Last call for Alitalia as Etihad agrees to buy 49% stake

  • 10 years ago
Abu Dhabi’s state-owned Etihad Airways says it has agreed terms and conditions to buy just under half of Italy’s loss-making flagship airline

A tie-up would give Alitalia a financial life-line, as it is expected to run out of money by August.

Cash-rich Etihad will invest 1.25 billion euros over the next four years according to Italy’s Transport Minister Maurizio Lupi.

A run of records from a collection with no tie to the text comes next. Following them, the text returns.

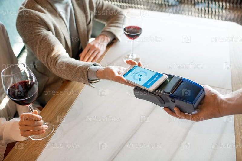 Молодой человек держит смартфон над платежным терминалом, оплачивая ужин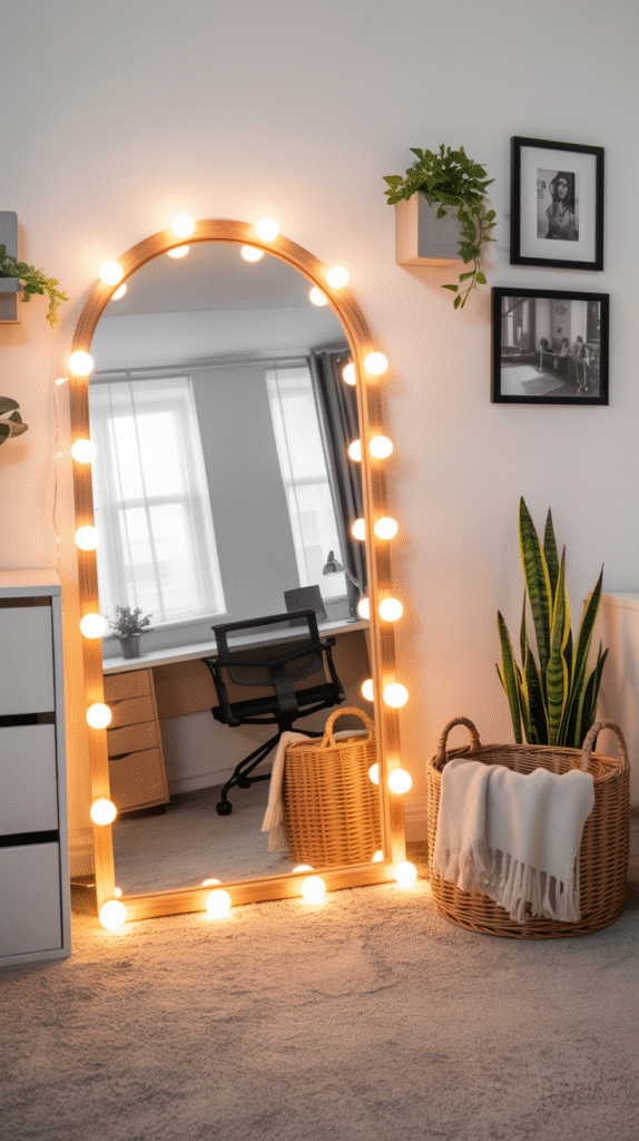 Here’s an underrated trend I’m thrilled to see making a comeback—decorative mirrors. They’re not just practical; they’re also one of the smartest visual tricks for small dorm rooms.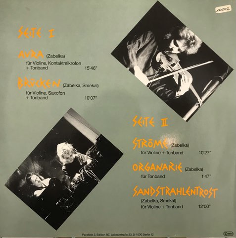 オーストリア人ヴァイオリニストMia Zabelkaとオーストリアにけるフリージャズのパイオニア的存在Giselher Smekalの87年共演盤。ヴァイオリン、サックスのインプロヴィゼーションや絶叫などをテープ・エディットしノイズからドローンまで展開する強烈なエクスペリメンタル作品。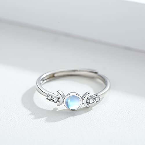 CUOKA MIRACLE Triple Goddess Ring - 925 Sterling Silver Moon Goddess Ring With Synthetic Moonstone and Cubic Zirconia - Adjustable Wedding Band 5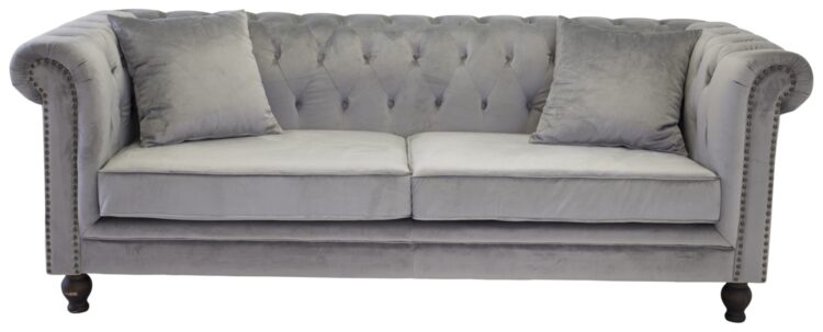 Låt ditt hem inredas av ett hantverk med tradition! Den klassiska Chesterfield-soffan har ett hantverk som ärvts ner från generation till generation. Velvet är en stilsäker soffserie i Chesterfield design med läckert sammetstyg och dekorativa djuphäftade knappar. Den här rymliga och bekväma 3-sits soffan med rak design och tidlös grå sammet inger en konstnärlig och vacker känsla till ditt hem. Soffbenen i rustikt trä bidrar till soffans eleganta utformning och moderna look.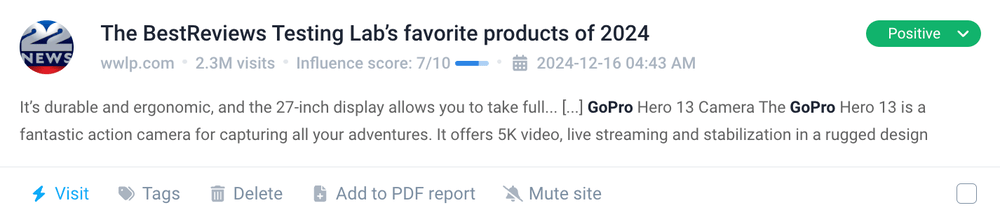 I generally tracked the brand name in GoPro’s case, so my keyword was “GoPro.” However, I wanted to focus on a specific product – GoPro Hero 13, so I filtered my results using this phrase: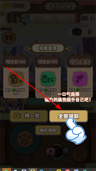 3、點擊全部領(lǐng)取技能獎勵,一次性獲取閃避提升、攻擊速度提升和生命回復(fù)等強力屬性加成。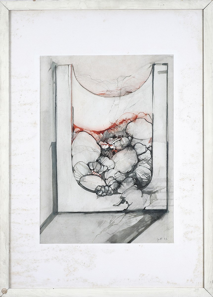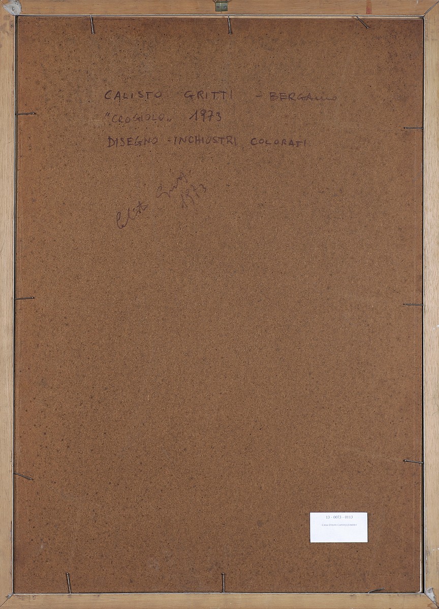 GRITTI CALLISTO (n. 1937) Crogiolo. 1973. Inchiostri su carta. Cm 34,00 x 47,00. Firma e data in basso a destra. Al retro firma titolo e anno. Cornice presente

For that it will get a 49 percent stake in one of Europe’s most troubled airlines and access to the region’s fourth-largest travel market.

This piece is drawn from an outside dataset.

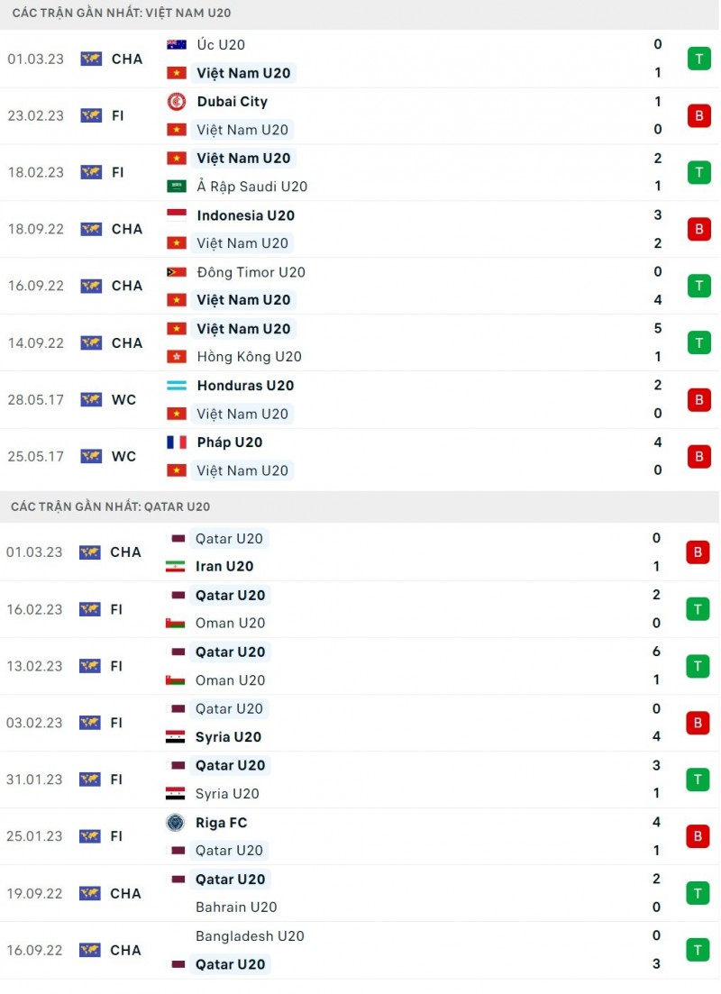 Thành tích đối đầu giữa U20 Việt Nam và U20 Qatar

Alitalia carried nearly 24 million passengers in 2013 – twice as many as Etihad – but the Italian company lost an estimated 175 million euros, while its soon-to-be partner made more than 45 million euros profit.

The two carriers have been in talks since December, but a deal has been elusive.

The sticking point has been Italy’s reluctance to accept Etihad’s conditions, which include over 2,200 job cuts and a restructuring of Alitalia’s debt.

But Italy’s government – which considers the airline a strategic national asset – and the trade unions now have little choice but to accept Etihad’s terms because no one else is prepared to take on an airline that has rarely turned a profit in its 68-year history, having to be repeatedly bailed out.

Debt deal

Transport Minister Maurizio Lupi said on Wednesday that the two airlines had met with Alitalia’s creditors, which include Italy’s two largest banks Intesa Sanpaolo and UniCredit, on Tuesday, adding that “decisive steps forward” had been made.

“It’s increasingly clear that this marriage should happen because it’s obvious to all that we are dealing with a strong industrial investment that will offer our airline concrete growth prospects,” the minister said in a statement. “I’m confident that this operation will come to a good end.”

He added that a meeting with unions and the labour minister would happen soon to discuss the question of layoffs.

Intesa Sanpaolo, which is a key Alitalia shareholder as well as a creditor, is convinced a deal on debt restructuring will be reached, hopefully by the end of July, the chairman of the bank’s management board Gianmaria Gros Pietro said on Tuesday.

Gros Pietro said July 31 was the date set by Etihad to conclude the deal.

Options under discussion include the banks writing off one third of the debt and converting the remainder into shares in Alitalia.

Etihad – which has utilised its strategic global location and government support to draw passengers away from traditional hubs in Europe and Asia to the Middle East – already has strategic stakes in Germany’s Air Berlin and Ireland’s Aer Lingus.